▶ _Information provided_:
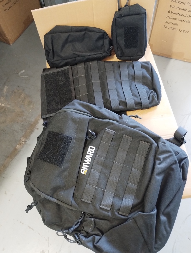 Baby carriers, back packs, and belt pouches in assorted colours
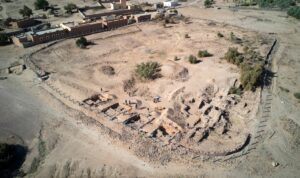 Vue aérienne du village d’Azougui soulignant la faible densité de son bâti, avec au premier plan la parcelle de la qasba, où se développent les fouilles depuis janvier 2025 (cliché MAAT)
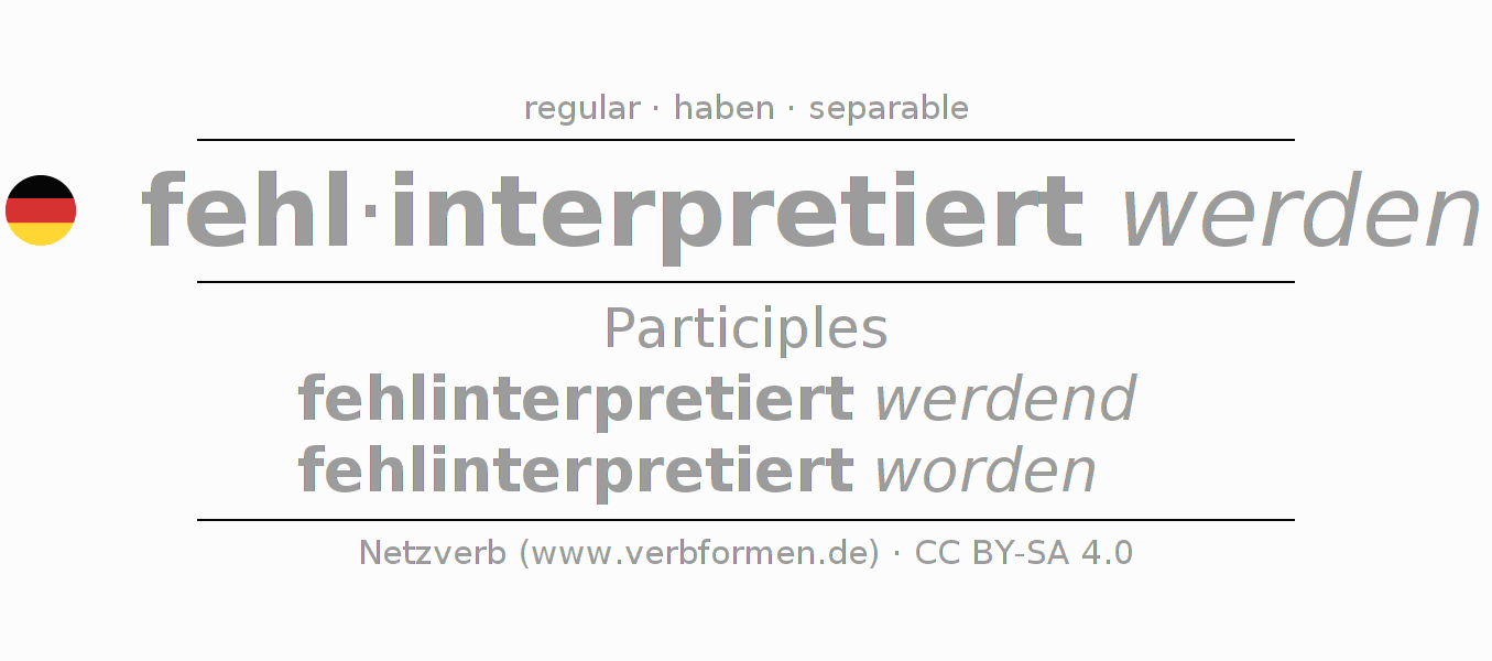 The conjugation of fehlinterpretieren in Participle Present Perfect part of speech Passive is fehlinterpretiert werdend, fehlinterpretiert worden.The conjugation corresponds to certain grammatical rules. Likewise the requirements for the conjugation of the simple verb forms of fehlinterpretieren in Participle. Comments ☆

▶ _Task prompt_: Reproduce verbatim the opening line of the material and every line after it, up to and including the line with "Vue aérienne du", but no pictures.

▶ _Output_:
 Baby carriers, back packs, and belt pouches in assorted colours
 Vue aérienne du village d’Azougui soulignant la faible densité de son bâti, avec au premier plan la parcelle de la qasba, où se développent les fouilles depuis janvier 2025 (cliché MAAT)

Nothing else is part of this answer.